Starting from scratch with Lobito Brigante

Here’s something that you might not know: according to the Smithsonian Institute only 30 percent of all music has been digitised on to CD or MP3 — which means that hundreds of thousands of hours of recordings still remain in existence solely on tape and/or vinyl. It’s a remarkable statistic that fuels the passion of DJ and self-proclaimed ‘crate digger’ James De Valera, or, as he’s better known in the UAE, Lobito Brigante.

“There is a whole world of music that is still to be discovered,” he explains. “Any dusty 45’ hidden at the bottom of a vinyl crate could be hiding a loop just waiting to be made into the next smash hit. It’s just a matter of digging through them to find the right sounds.”

He’s not wrong. Even a casual glance over the last decade of global number-ones sees a high percentage of tracks spawned from old samples. Mega-hits like Gnarls Barkley’s “Crazy” or “We No Speak Americano” by Yolanda Be Cool were both built on samples from Italian songs from the early 1900s, discovered by producers ‘digging’ away in old record boxes.

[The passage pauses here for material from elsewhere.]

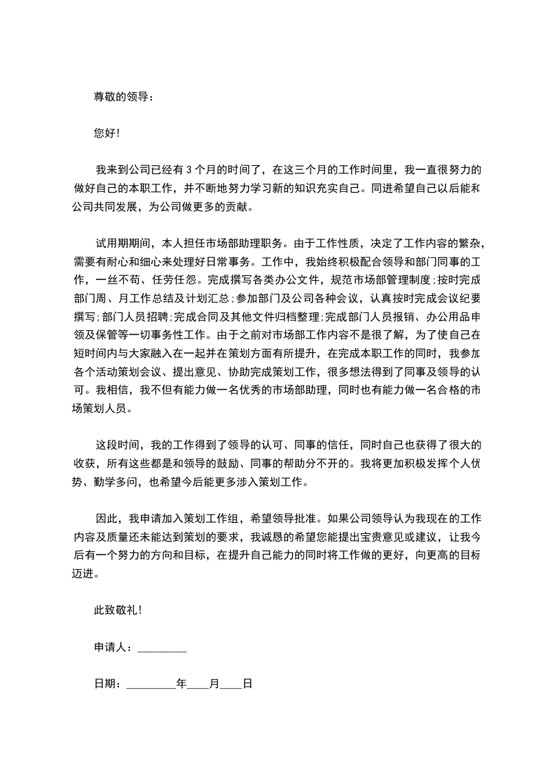 因此,我申请加入策划工作组,希望领导批准。如果公司领导认为我现在的工作内容及质量还未能达到策划的要求,我诚恳的希望您能提出宝贵意见或建议,让我今后有一个努力的方向和目标,在提升自己能力的同时将工作做的更好,向更高的目标迈进。
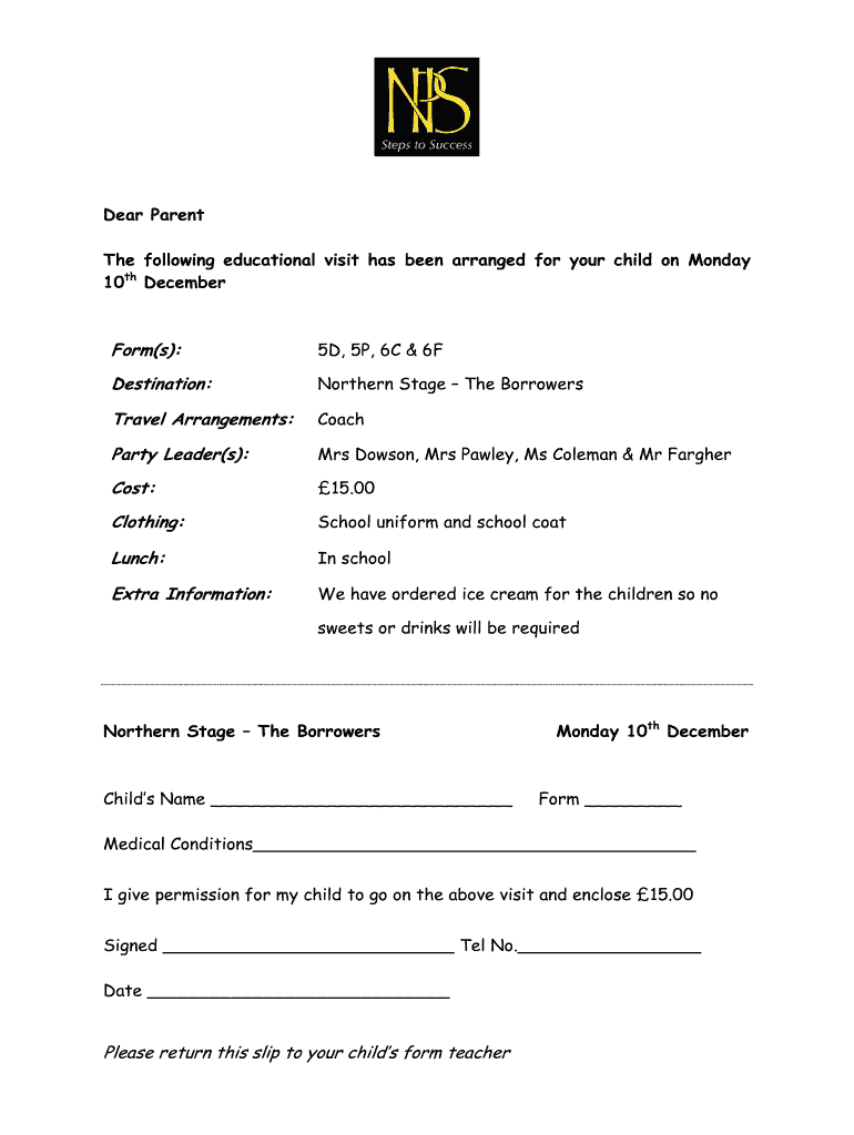 Dear Parent The following educational visit has been arranged for your child on Monday 10th December Form’s): 5D, 5P, 6C & 6F Destination: Northern Stages The Borrowers Travel Arrangements: Coach

But it’s not all about producing the next hit. For Lobito, who is one of the few DJs in the UAE to use vinyl, it’s an expression of identity. “A person’s music collection is a very personal thing. It represents who they are and who they see themselves as,” he says. “I spin vinyl because I love finding something that people haven’t heard before. You just can’t do that using your iPod.”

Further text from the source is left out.